Exercise:
The listing that follows should be copied in full and exactly, with no pictures.

Data below:
Start of Block

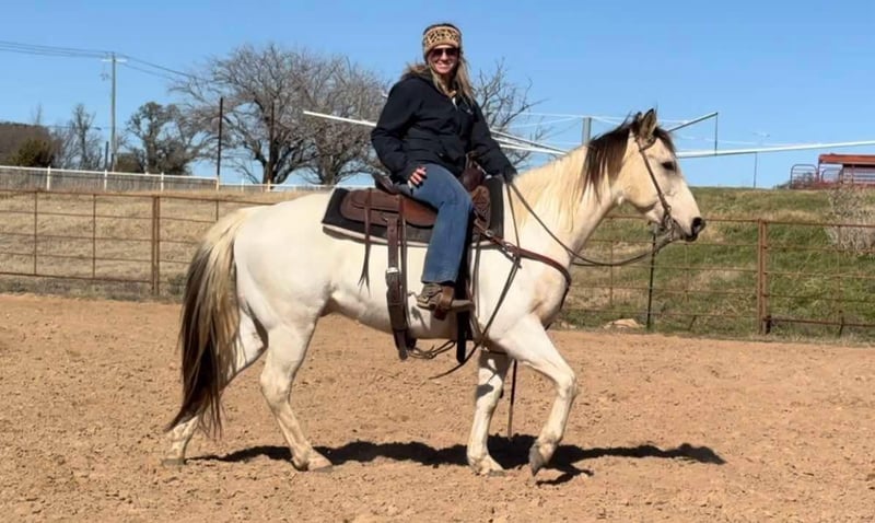 ONLINE AUCTION Place your bids at www.PlatinumEquineAuction.com Starting Bid $3500 Auction ends February 9th, 2025 Need a new saddle? Check out White Rock Saddles on our website or Facebook! Alfie is one of our most favorite horses, standing at 14.2H and 7 yrs old, he’s the perfect height AND perfect age for everyone! Not to mention, he’s a GORGEOUS buckskin paint! Alfie has such an AMAZING personality and he is extremely gentle. He’s been primary used as a western AND english lesson horse for all ages. He absolutely knows how to operate to the riders ability. He’ll take care of some of the babiest of beginners without one wrong step and he’ll move out and ride around more free for the advanced riders! He’s very comfortable to ride and will make you want to ride all day long with how fun he is! He is as honest as they come and only wants to please! Alfie is easy to ride, will neck rein, direct rein, move off leg and he stops exactly when you ask him to! He does great with time off and never offers to buck, bolt or rear! He’s proven safe and sane! He’s extremely easy to get along with, ties great, loves to be brushed and loved on, loads and hauls well, stands great for farrier and all the above! The second we swung a leg over him, he became the barn favorite! Safe and gentle is our niche, but it’s rare to find a younger horse with his experience and ability to adapt to the level of his rider! Not only that but, buckskin paints are few and far between and it’s not often they are sane and beginner gentle too! Someone is about to get their dream horse and those who are shopping for color but need gentle, absolutely don’t want to miss Alfie! More pics and videos on his website page at northtexashorsecompany.com/alfie. Please call Blair with North Texas Horse Company for more info at 817-757-3046. We are located in Weatherford, TX and can help arrange affordable shipping to anyone!! ONLINE AUCTION Place your bids at www.PlatinumEquineAuction.com Starting Bid $3500 Auction ends February 9th, 2025 Need a new saddle? Check out White Rock Saddles on our website or Facebook!
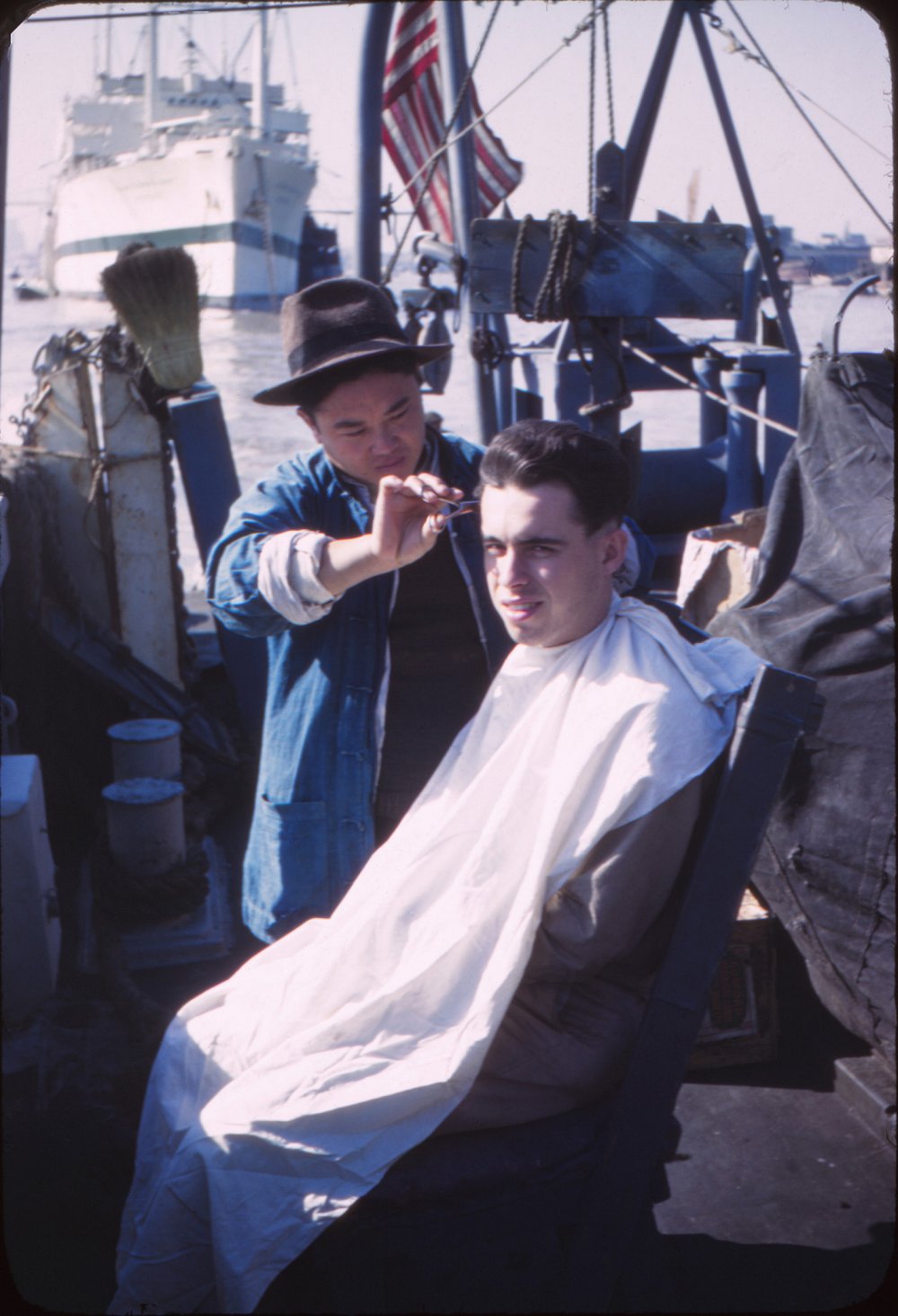 c. 1946 Shanghai, China George R. Herbert, Jr. getting a trim with an unidentified Hospital Ship in the background From the collection of George R. Herbert, Jr. |
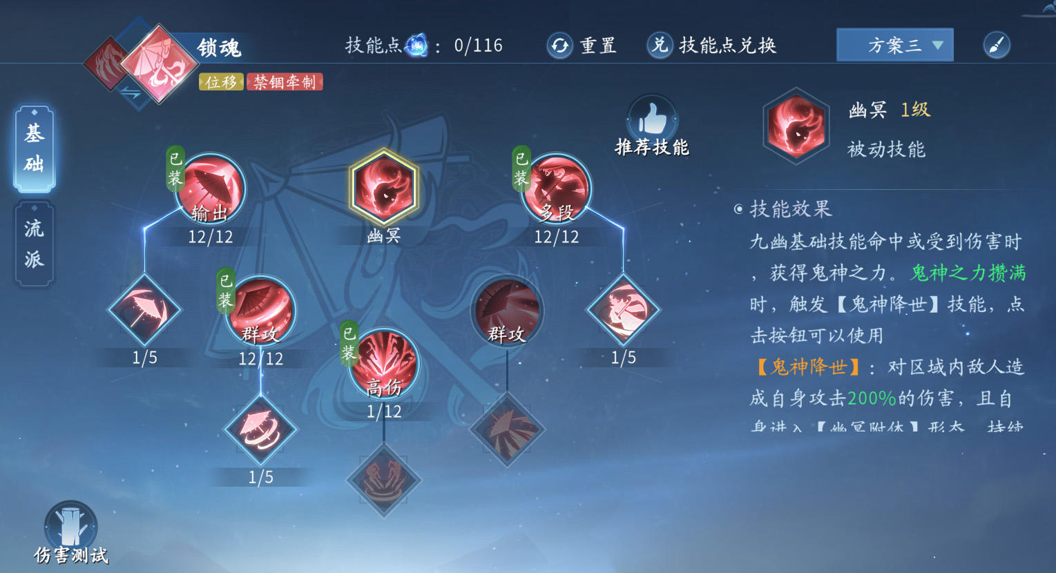技能装配:基础位移技能【魅影闪击】和流派位移技能【罗刹破狱】必带。由于锁魂流派自带禁锢效果,因此基础控制技能【黄泉逆浪】可选择不带。
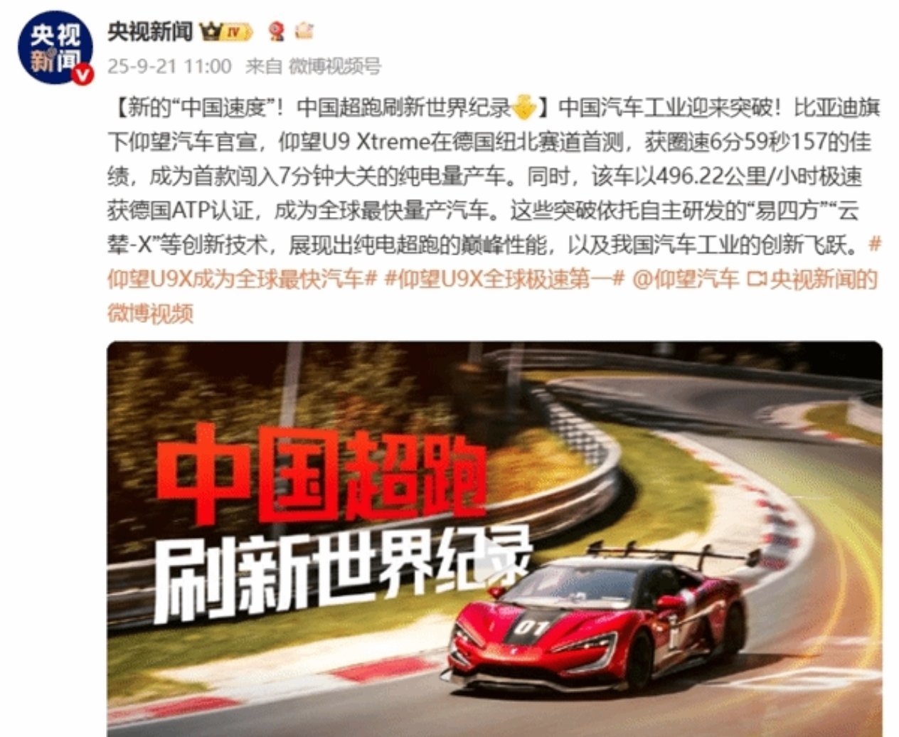 此次突破標誌着中國在高端純電性能車領域的技術實力已躋身全球頂尖行列,央視新聞亦對此進行了專題報道,肯定了中國汽車工業的創新飛躍。

End of Block

Answer box:
 ONLINE AUCTION Place your bids at www.PlatinumEquineAuction.com Starting Bid $3500 Auction ends February 9th, 2025 Need a new saddle? Check out White Rock Saddles on our website or Facebook! Alfie is one of our most favorite horses, standing at 14.2H and 7 yrs old, he’s the perfect height AND perfect age for everyone! Not to mention, he’s a GORGEOUS buckskin paint! Alfie has such an AMAZING personality and he is extremely gentle. He’s been primary used as a western AND english lesson horse for all ages. He absolutely knows how to operate to the riders ability. He’ll take care of some of the babiest of beginners without one wrong step and he’ll move out and ride around more free for the advanced riders! He’s very comfortable to ride and will make you want to ride all day long with how fun he is! He is as honest as they come and only wants to please! Alfie is easy to ride, will neck rein, direct rein, move off leg and he stops exactly when you ask him to! He does great with time off and never offers to buck, bolt or rear! He’s proven safe and sane! He’s extremely easy to get along with, ties great, loves to be brushed and loved on, loads and hauls well, stands great for farrier and all the above! The second we swung a leg over him, he became the barn favorite! Safe and gentle is our niche, but it’s rare to find a younger horse with his experience and ability to adapt to the level of his rider! Not only that but, buckskin paints are few and far between and it’s not often they are sane and beginner gentle too! Someone is about to get their dream horse and those who are shopping for color but need gentle, absolutely don’t want to miss Alfie! More pics and videos on his website page at northtexashorsecompany.com/alfie. Please call Blair with North Texas Horse Company for more info at 817-757-3046. We are located in Weatherford, TX and can help arrange affordable shipping to anyone!! ONLINE AUCTION Place your bids at www.PlatinumEquineAuction.com Starting Bid $3500 Auction ends February 9th, 2025 Need a new saddle? Check out White Rock Saddles on our website or Facebook!
 c. 1946 Shanghai, China George R. Herbert, Jr. getting a trim with an unidentified Hospital Ship in the background From the collection of George R. Herbert, Jr. |
技能装配:基础位移技能【魅影闪击】和流派位移技能【罗刹破狱】必带。由于锁魂流派自带禁锢效果,因此基础控制技能【黄泉逆浪】可选择不带。
 此次突破標誌着中國在高端純電性能車領域的技術實力已躋身全球頂尖行列,央視新聞亦對此進行了專題報道,肯定了中國汽車工業的創新飛躍。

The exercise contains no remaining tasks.